After the age of twelve, when I had secondary school examinations, we all had to bring in our identity cards, and place them on the corner of our desks for each exam. Each of us had a specific desk that had our name on it, and the invigilators who were not our teachers, walked around (clipboard in hand) to verify each of us via the identity cards. I still experience this process when I’m at the airport, visiting the bank in person, checking in to a hotel, picking up my badge at a conference, or any other situation where I need to verify who I am because the verifiers don’t know me and wouldn’t recognize my face.

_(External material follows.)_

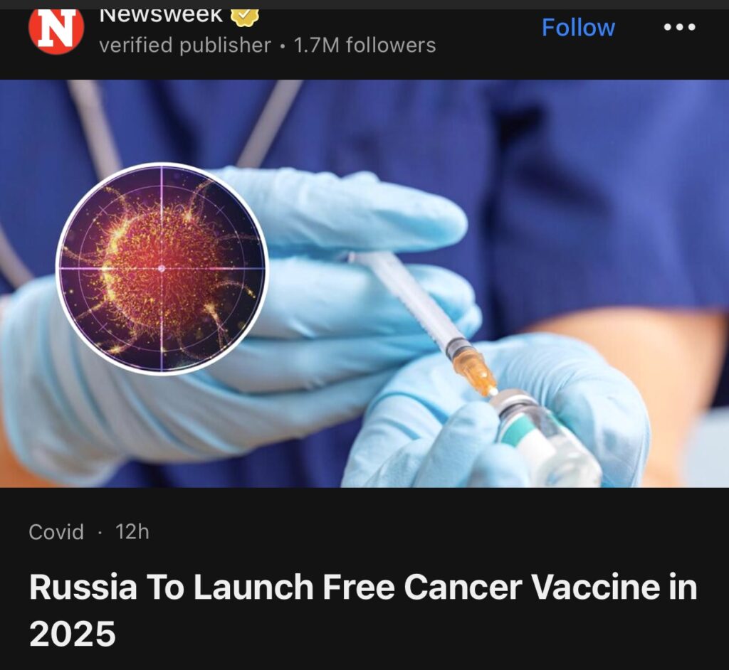 1。据Newsweek 报道,俄罗斯卫生部宣布已研发出一种抗癌疫苗,将从2025年初开始免费分发给俄罗斯患者。

If you lived in a small village and never had to leave, everyone knows everyone and verification is easy. But in an era of urbanization, global travel, and not knowing your neighbors, verification becomes trickier.

 

The age of the internet has made authentication even more challenging. Are you who you say you are? How does the system know? There are logins, passwords, two-factor authentications, additional questions for information unique to you, and now voice and face verification. These are going to get more stringent as A.I. makes it easier to “fake” more characteristics. We’ll be increasingly up the wazoo in verification.

 

“Authenticating” is the title of the second chapter in Brian Christian’s The Most Human Human which details his experience as a confederate in an annual Turing Test competition. He’s trying to prove he’s the human against an A.I. competitor. The chapter opens with a story about a man with phonagnosia. He cannot recognize anyone’s voice and growing up had assumed his voice was distinctive because everyone else recognized his voice but he couldn’t recognize anyone else’s which made phone calls an interesting case of guess-the-identity for him. He couldn’t voice-verify. In another vignette, someone easily breaks into the email account of a public figure simply by selecting “I forgot my password” and then verifying information based on internet searches.

 

The meat of this book chapter, however, is about what might be unique between a human conversationalist and a chatbot. Many of the successful chatbots in the early competitions were able to steer the conversation to avoid the tricky out-of-book situation, which is a reasonably strategy when the conversations are timed in a speed-dating like format. Successful bots typically had a single programmer devoted to developing the bot’s personality so that it would seem like a single coherent individual. The bot felt like a singular You. Today’s A.I. large language models however were developed with the opposite philosophy: use weighted statistics from millions of disembodied conversations. Apparently, this is why A.I. translators are weak on long literary novels which require a singular coherent voice throughout, but do just fine on shorter snippets.

 

When you’re conversing with a chatbot today, you’re conversing with a multitude of voices averaged into a response. Your interlocutor is Legion for they are many. They contain multitudes. You are no longer talking to an individual but a host of ghosts. I’ve never had an extended conversation with a chatbot (I have better things to do with my time), and my queries have usually been specific and chemistry-related; I dabble in exploring if chatbots can help my students gain a better understanding of chemistry. So I don’t personally know if I would ever feel that a chatbot feels like a friendly human; I know some of my students do enjoy their chatbot chats. And it may be that sufficient familiarity and multiple chats provides its own authentication, for better or worse, now that chatbots can access their memory store of their personal conversation from you and draw from it. I suppose this is what Personalization is all about. At some point the chatbot might feel like a You. But that’s because of you.